R. D. Burman: The Man The Music
- First edition
- Author: Anirudha Bhattacharjee and Balaji Vittal
- Language: English
- Subject: R. D. Burman
- Genre: Non-fiction
- Publisher: HarperCollins
- Publication date: 2011

= R. D. Burman: The Man The Music =

2011 non-fiction book

R. D. Burman: The Man The Music is a 2011 Indian English language non-fiction book written by Anirudha Bhattacharjee and Balaji Vittal. The subject of the book is R. D. Burman. It won the 2011 National Film Award for Best Book on Cinema.

The book was written when both the authors were changing jobs, and they wanted to use the time to go back to memories of the late 1960s through to the late 1980s. The working title of the book was The Pancham Caravan. The first three chapters were written and submitted to Shantanu Ray Chaudhuri, Managing Editor, HarperCollins India in January 2009, who gave the go-ahead in 30 minutes. The contract was signed at Delhi Hat, on February 14, 2009.

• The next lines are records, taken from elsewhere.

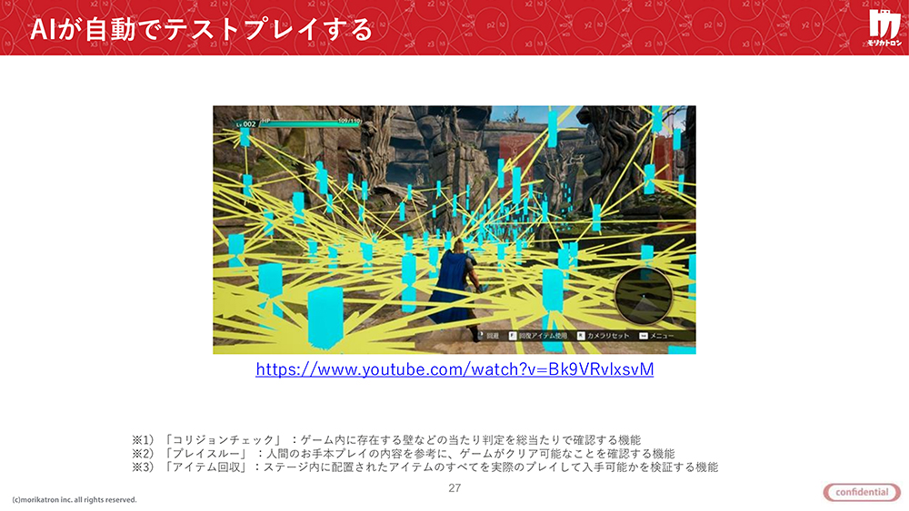 AIによる模倣学習は、テストプレイやQAテストの領域で使わます。一度人間がお手本を見せると2回目以降は自分でフィールドを周回プレイします。ゲームを製品化するには何度も何度もテストをする必要があります。設定したゴールに本当に辿り着けるか、プレイヤーが配置したアイテムはすべて取得可能か、設定どおりに敵が出現するかなど、単純なテストプレイを延々とする必要があります。その部分をAIに任せることができれば、他の部分にリソースを割くことができます。開発支援用のAIと言えます。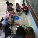 Avaliação: Dividi as crianças em grupos, cada grupo ficou responsável para fazer uma parte da paisagem, gostaram de brincar com as tampinhas, de separarem pelas cores e tamanhos. Foi uma atividade diferente para eles.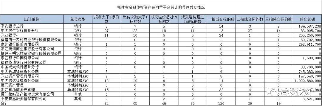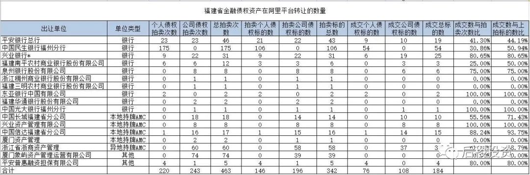 福建省金融債權(quán)資產(chǎn)在阿里平臺(tái)轉(zhuǎn)讓成交情況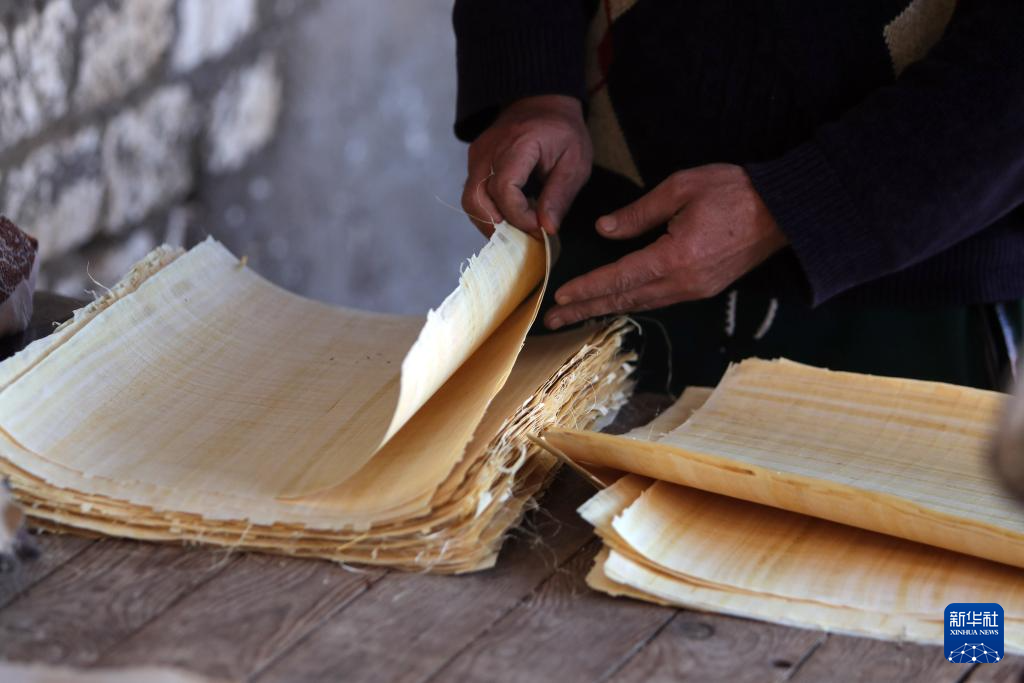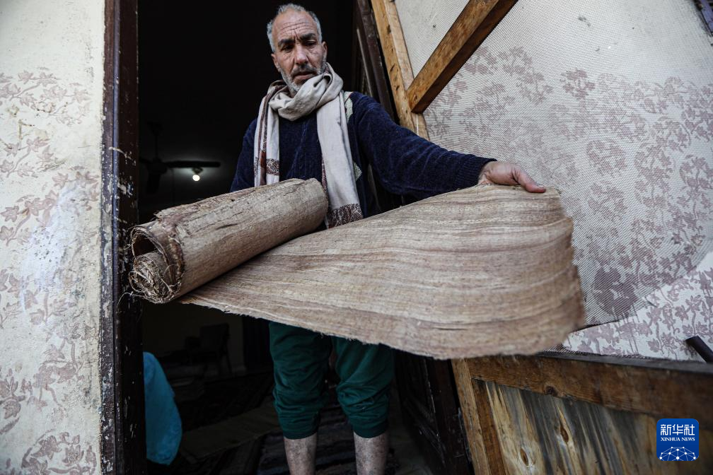 1月16日,在埃及东部省卡拉姆斯村,村民赛义德在自家的纸莎草纸制作作坊整理草纸。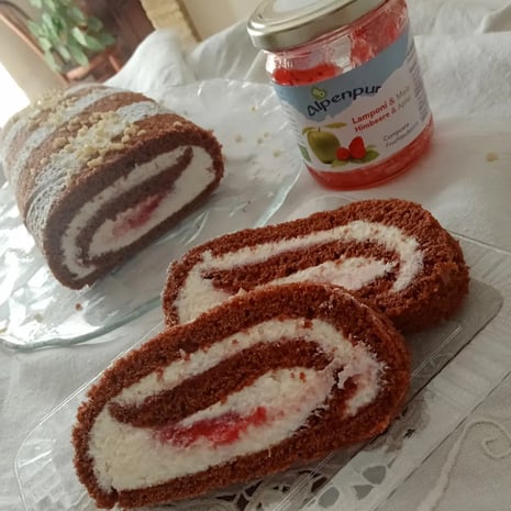 Ieri giorno di festa e io ho deciso di preparare un rotolo ripieno di Ricotta e composta di Lamponi e mela .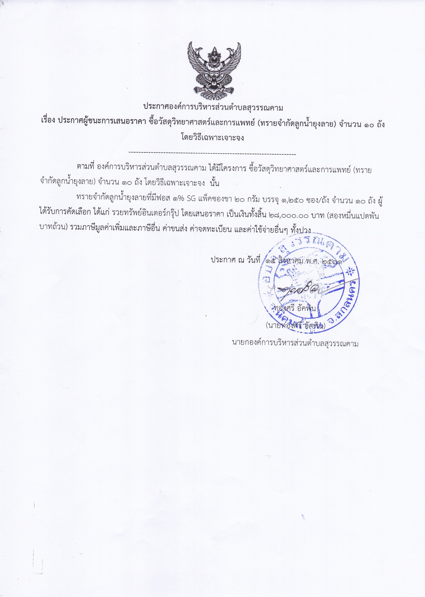 ประกาศผู้ชนะการเสนอราคา ซื้อวัสดุวิทยาศาสตร์และการแพทย์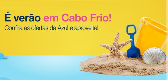A Azul está vendendo passagens até sexta-feira (16) por R$ 29,90 para os voos que partem de Confins para Cabo Frio (RJ). A nova ligação será a partir de 25 de dezembro no turboélices ATR-72. A promoção vale para viagens entre os dias 25 e 31 de dezembro.
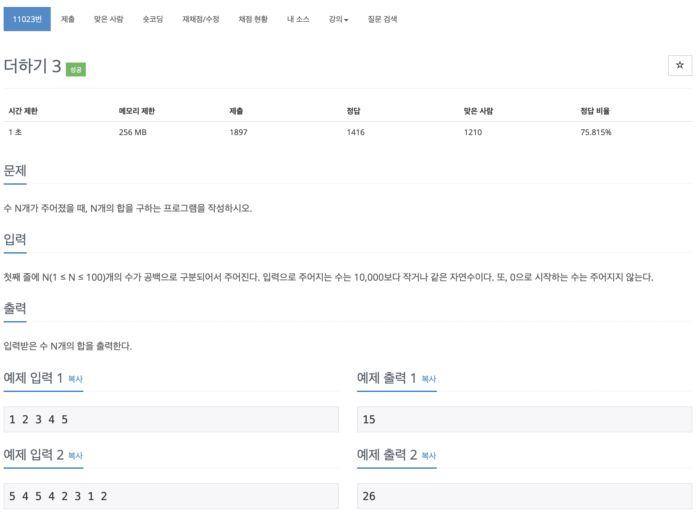 이번에는 BOJ의 11023번 문제 "더하기 3" 을 풀어보도록 하자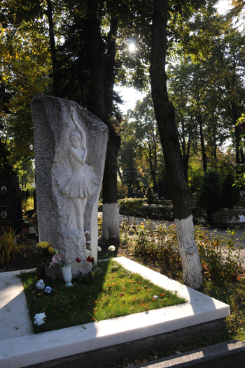 芭蕾舞藝術(shù)家烏蘭諾娃的墓碑則是由一塊通體白色大理石雕刻而成,正面有一個(gè)跳芭蕾舞的人形浮雕。只見(jiàn)舞者足尖輕輕點(diǎn)地,四肢柔韌靈動(dòng),恍惚間,這只美麗的“白天鵝”似乎從未離去,她只不過(guò)是去了一個(gè)更美的舞臺(tái),在那里繼續(xù)向人們展示真正的美。

Writing this book entailed multiple tasks, the most important one of which was meeting the musicians with whom R D Burman had worked. The first person to be interviewed for the book was ace guitarist Ramesh Iyer. The manuscript was completed in October 2010.

The book had multi-city launches, with the first one at The Oxford Book Shop, Mumbai, on April 26, 2011. Subsequent launches happened at Crossword, Kolkata, at India Habitat Center, New Delhi. Launches were also held at Jaipur and at Chennai.

The book opened to raving reviews and was nominated for the Shakti Bhatt Award in 2011.
It went on to win the National Film Award for Best Book on Cinema at the 59th National Film Awards in 2011.

The book has been the subject of multiple music cum talk shows in India, the UAE, London and Singapore.